The data |
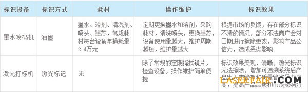 對於產品的追溯可以有效的管控從生產到出貨到銷售再到消費者各個環節,大幅提高公司管控的能力,減少了運營成本。對比發現,在產品品質提高的前提下,采用激光標識係統從長期來看,減少設備維護、人工成本、耗材成本,而且減少了停線檢修的頻次,間接增加了產量。
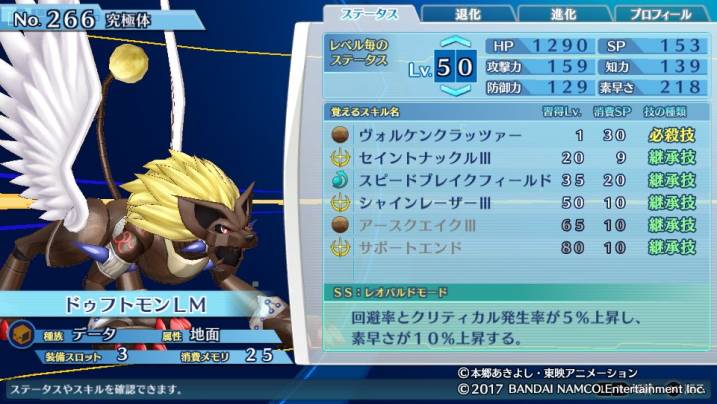 | 知力+150 | 一見ただの変態型だが、3つあるスロットを使い特化すれば実数値で378となり並の知力型デジモンを超える。機動力は素早さ無振りでもある。 |
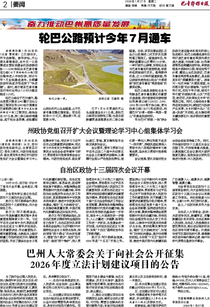 - 轮巴公路预计今年7月通车 本报库尔勒1月26日讯 (记者 景丽君) 乙巳辞旧岁,丙午启新程。新年伊始,天山南北春潮涌动,由中交一公局集团主要投资建设的旅游新动脉——S340线轮台至巴音布鲁克公路(以下简称轮巴公路)项目整体
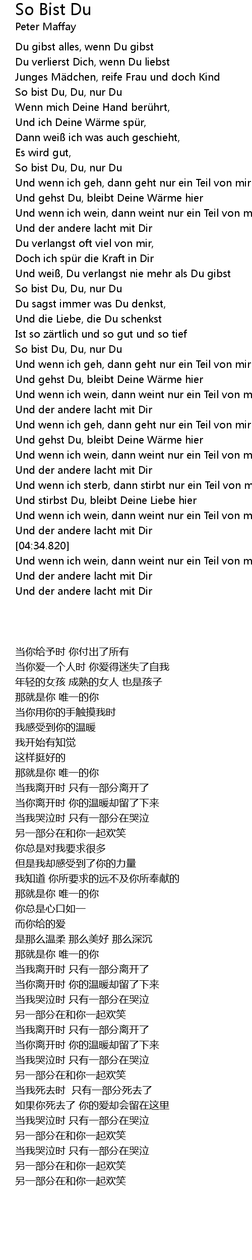 | [00:35.976] | So bist Du, Du, nur Du |
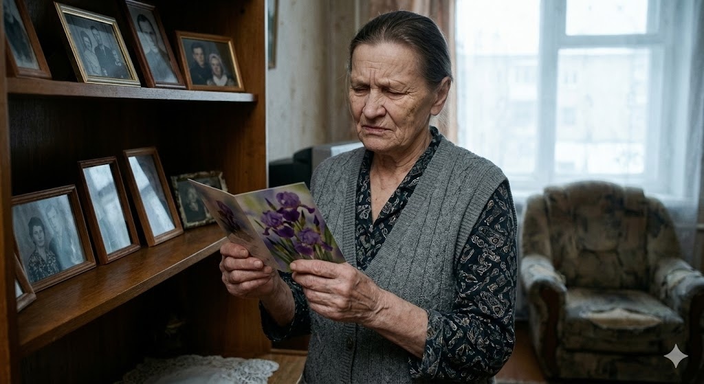 Нина Васильевна отодвинула открытку на длину вытянутой руки. Посмотрела на неё так, будто та могла ответить. День рождения был в ноябре. Три месяца назад. Ни звонка, ни сообщения. А теперь — открытка с чужим почерком.
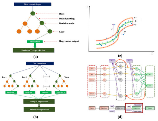 Important parameters and operational blue print of (a) Decision tree regression model, (b) Random forest regression model, (c) Support vector regression model, (d) Multilayered perceptron—Back propagation model.
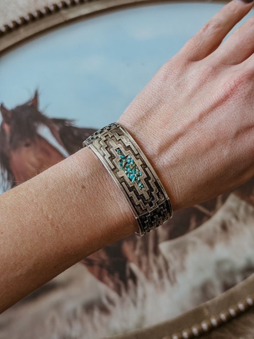 Crafted with faux turquoise beads in a classic chip style, it slides on easily and pairs beautifully with other bracelets or stands alone as a statement piece. Perfect for anyone who loves boho-inspired accessories with that timeless Southwest aesthetic.

Your objective | Using the data above, output the line that has "Du, nur Du |", the line that has "Important parameters and", and whatever lines fall between, each exactly as it stands and without pictures.

Result of this task |
 | [00:35.976] | So bist Du, Du, nur Du |
 Нина Васильевна отодвинула открытку на длину вытянутой руки. Посмотрела на неё так, будто та могла ответить. День рождения был в ноябре. Три месяца назад. Ни звонка, ни сообщения. А теперь — открытка с чужим почерком.
 Important parameters and operational blue print of (a) Decision tree regression model, (b) Random forest regression model, (c) Support vector regression model, (d) Multilayered perceptron—Back propagation model.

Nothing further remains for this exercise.